** Information shown **
######

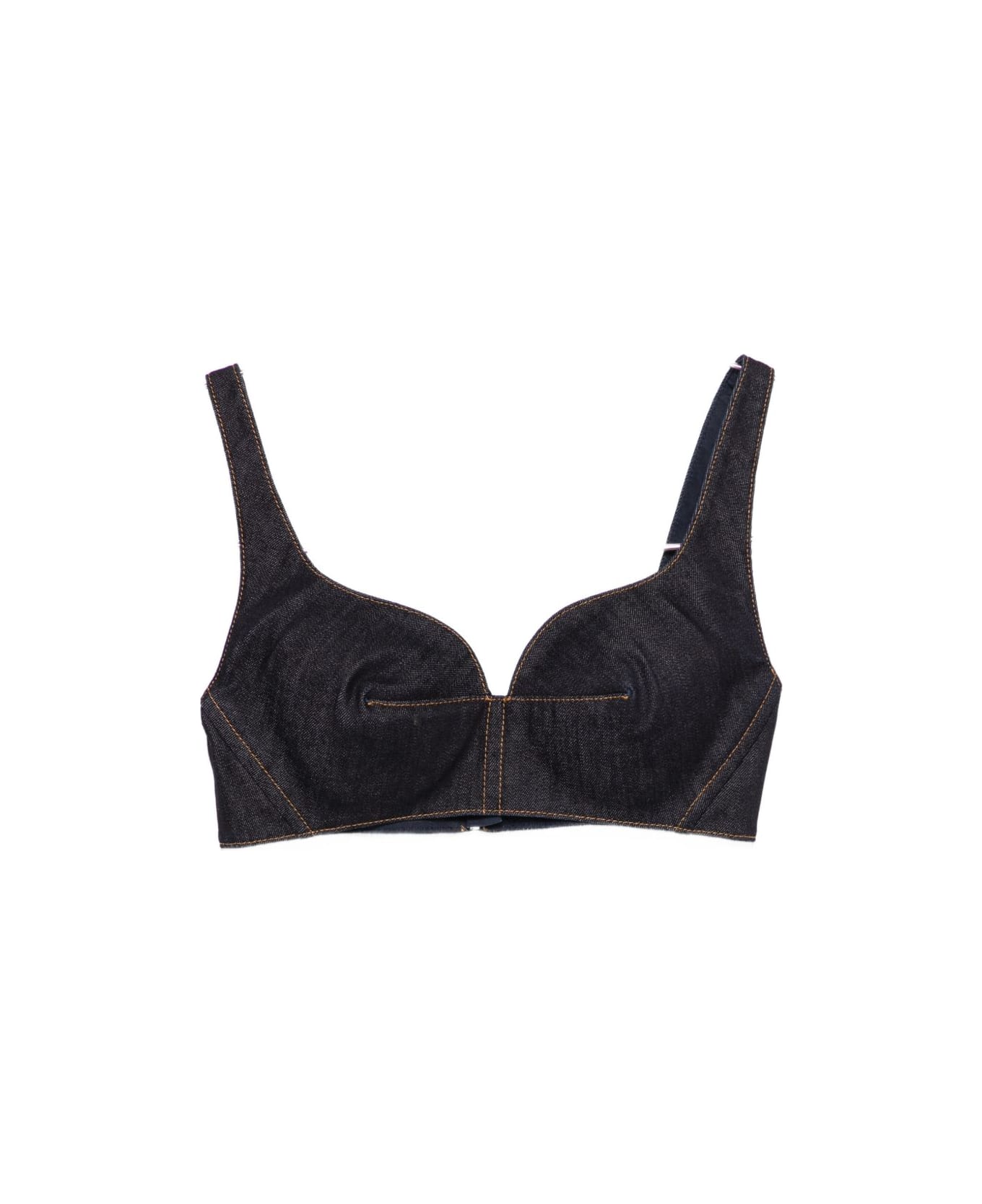 Raw denim bra top with contrasting stitching, zip and hook closure at the back. Composition: 98% Cotton, 2% Elastane
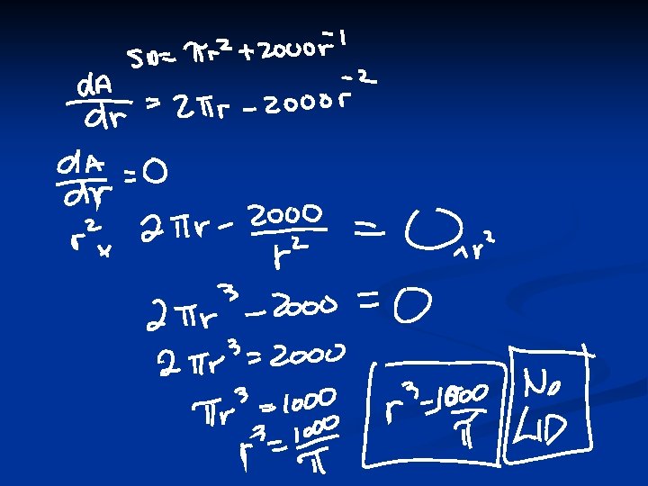 A beautiful application problem n Jordan wants to design a drink container for orange juice in the shape of a cylinder with NO lid. The volume of the orange juice is 1000 cc. Show that the surface area of this container with NO lid is given by n Show that when the rate of the change of the area with respect to r is zero then r 3= 500/
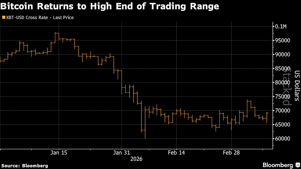 (Bloomberg) -- Bitcoin advanced along with global markets after President Donald Trump signaled the US war on Iran could be ending soon. The original cryptocurrency rose as much as 3.4% to $69,523 in New York, with smaller tokens like Ether and Solana gaining as well. Trump told CBS News Monday in a phone interview that the operation was ahead of schedule as he confronted mounting pressures on the 10th day of the Iran war with oil prices surging past $100. Trump is set to hold a press conference Monday evening. Most Read from Bloomberg Trump Signals Possible End to War, Floats Removing Oil Sanctions Stocks Climb as Trump Hints War Could Be Over Soon: Markets Wrap Greek Oil Tanker Exits Strait of Hormuz With Its Signal Off US Considers Idea of Special Operation to Seize Iran’s Uranium US Tells Tariff Refund Judge It Can’t Comply With Order Markets have been rocked as the war showed no signs of easing, with a standstill of tanker traffic through the vital Strait of Hormuz choking off supplies to the rest of the world. “Bitcoin’s resilient price action is due in part to persistent buying” from investors such as digital asset treasuries, said Joshua Lim, global co-head of markets at FalconX. And also in part to “de-grossing from tradfi market participants closing out short exposure in Bitcoin.” Earlier Monday, Bitcoin was outperforming equities as the spike in oil prices prompted some advocates to tout the digital asset as a potential inflation hedge. “Oil’s rally and the inflation concerns it raises have put Bitcoin’s hedge credentials back in focus,” said Jake Ostrovskis, head of over-the-counter trading at Wintermute. “What’s notable here isn’t just the macro backdrop - it’s that Bitcoin held firm and moved higher at a moment when most traders expected the opposite. That kind of price behavior, holding strength against a risk-off catalyst, is exactly what tends to attract attention from investors reconsidering their inflation play book.” Bitcoin backers have long argued the token can act as a hedge against rising consumer prices because its supply is capped, meaning it can’t be devalued by a government or central bank. But the cryptocurrency has often traded in line with equities, raising questions about that narrative during past bouts of market stress. So far this month, Bitcoin has outperformed gold, which is widely recognized as an inflation hedge. Since the day before strikes, gold has fallen around 3%, while Bitcoin is up more than 5% in the same period. Until last week, the trend in recent months had largely been the opposite, as bullion repeatedly hit record prices while Bitcoin tumbled. Many traders appear to be pessimistic about a sustained crypto advance. US-listed spot Bitcoin exchange-traded funds have seen nearly $6 billion in net outflows since November, according to data compiled by Bloomberg, with flows turning negative again at the end of last week. “Volatility in cryptocurrencies decreased significantly in the second half of the week, unlike in traditional financial markets,” Alex Kuptsikevich, chief market analyst at FxPro, said in a note. “Cryptocurrencies did not emerge as a safe haven; instead, they found only a temporary balance between opposing forces.” --With assistance from Sidhartha Shukla and Suvashree Ghosh. Most Read from Bloomberg Businessweek This Maker of $4 Million Sports Cars Is Weighing an IPO How Data Centers Became a Casualty of War Elon Musk Is Backing ‘JD Vance 2.0.’ Some Republicans Aren’t Sure That’s a Good Thing How Swig Turned Dirty Soda Into a National Obsession Gas Prices Are Rising—and So Are the Iran War Stakes for Trump ©2026 Bloomberg L.P.

######

** Task description **
Only lines belong in the copy: transcribe those from the start of the data through the line that contains "A beautiful application", and skip the pictures.

** Your response **
 Raw denim bra top with contrasting stitching, zip and hook closure at the back. Composition: 98% Cotton, 2% Elastane
 A beautiful application problem n Jordan wants to design a drink container for orange juice in the shape of a cylinder with NO lid. The volume of the orange juice is 1000 cc. Show that the surface area of this container with NO lid is given by n Show that when the rate of the change of the area with respect to r is zero then r 3= 500/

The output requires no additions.